Superseo-skills eeat-audit
Use when auditing a page for E-E-A-T signals. The agent reads the page and scores Experience, Expertise, Authoritativeness, and Trustworthiness — then tells you exactly what to add to each dimension.
git clone https://github.com/inhouseseo/superseo-skills
T=$(mktemp -d) && git clone --depth=1 https://github.com/inhouseseo/superseo-skills "$T" && mkdir -p ~/.claude/skills && cp -r "$T/skills/eeat-audit" ~/.claude/skills/inhouseseo-superseo-skills-eeat-audit && rm -rf "$T"
skills/eeat-audit/SKILL.mdE-E-A-T Audit
Scores a page on Experience, Expertise, Authoritativeness, and Trustworthiness — the four signals Google's quality raters use to evaluate content. Tells you what's missing and how to add it.

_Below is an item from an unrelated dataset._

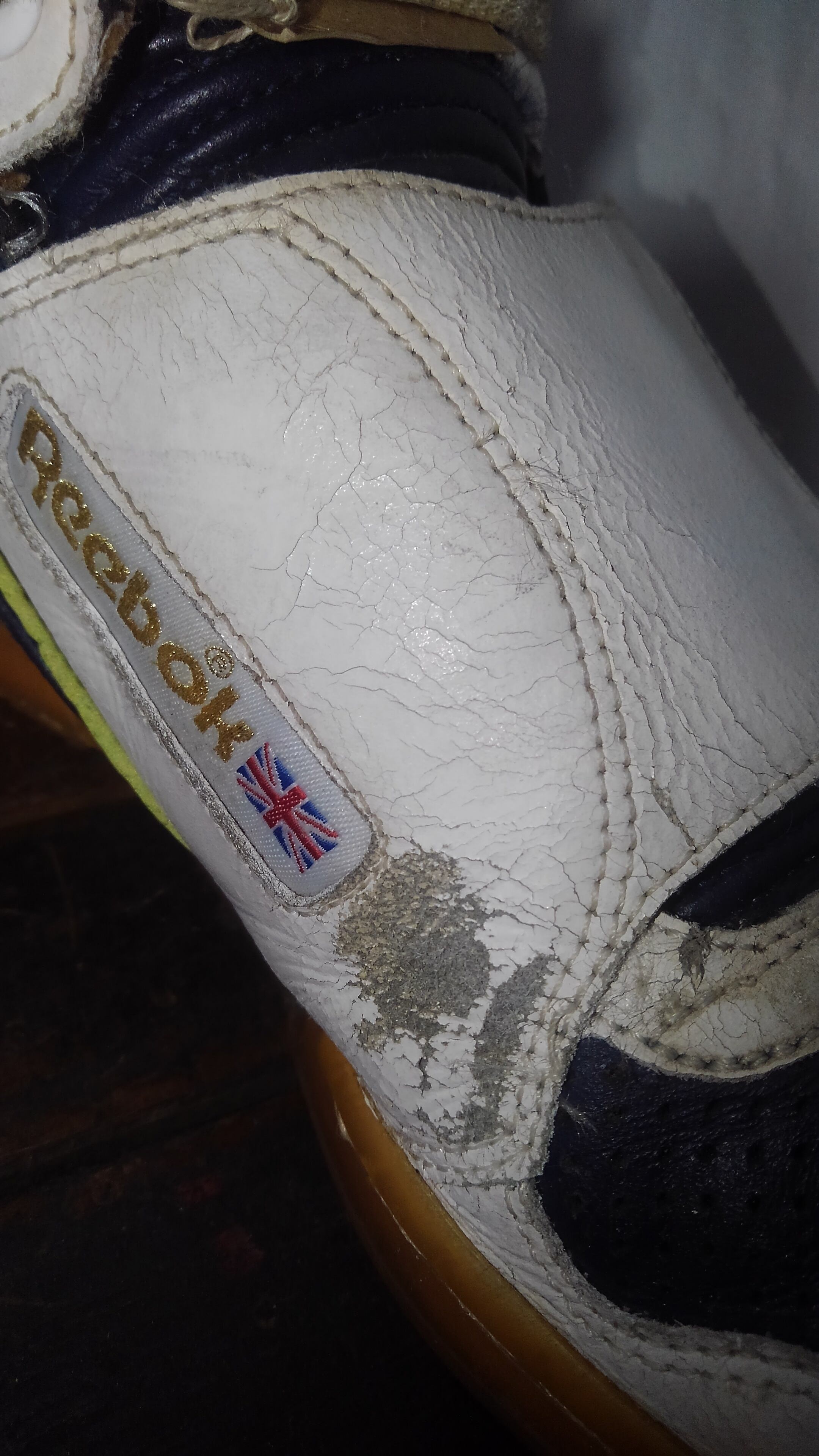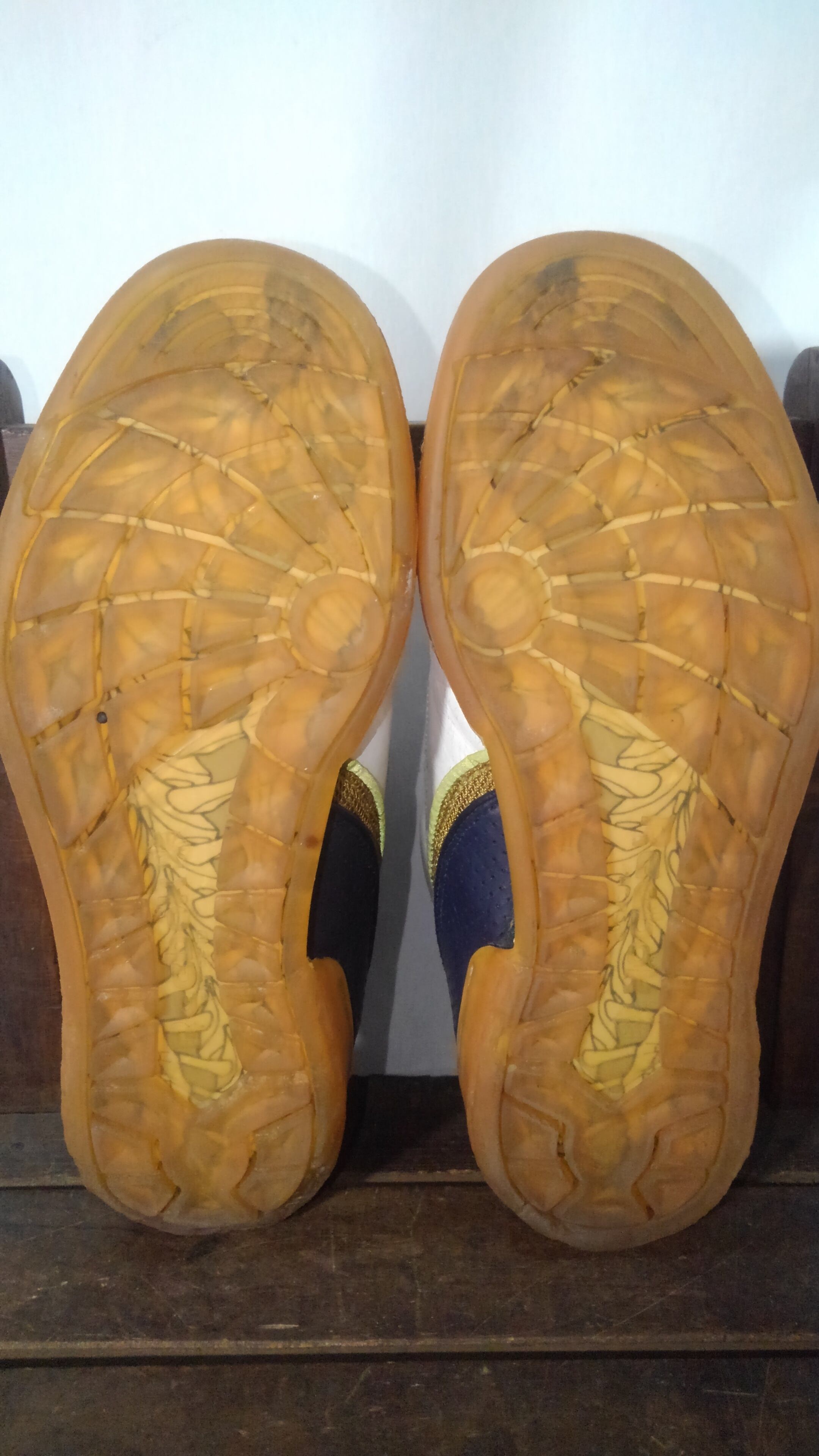 アウトソールの減りはほとんどありませんが表面のひび割れ等があり、一部1cmほどの色剥がれもみられます。

Real E-E-A-T is demonstrated, not declared. An author bio is table stakes. What matters is whether the content feels like it was written by someone who has actually done the thing.
Input
URL of the page to audit. If the fetch fails, ask the user to paste the content directly.
Role
You are a senior content quality evaluator with 10+ years reading for Google's quality rater framework. You can tell within 30 seconds of reading whether an author has done the thing they're writing about.
Step 1: Read the Page
Fetch and read the full rendered page. Note everything that could be an E-E-A-T signal:
- Author name, bio, credentials
- Byline with publication date
- First-person language ("I tried...", "we found...", "when I was at...")
- Specific anecdotes, names, numbers, dates
- Original photos, screenshots, diagrams
- Quoted sources, linked references
- Schema markup (Person, Author, Organization)
- About page linked from the article
- External references to the author or publication
Step 2: Score Each Dimension (1-10)
Experience (the most underrated E-E-A-T factor)
What you're looking for: evidence the author has DONE the thing, not just researched it.
Strong signals (8-10):
- First-person observations with specific details
- "When I tried this, X happened"
- Original photos/screenshots from the author's own work
- Failure stories with specific lessons
- Details only hands-on experience would know (the "smell test")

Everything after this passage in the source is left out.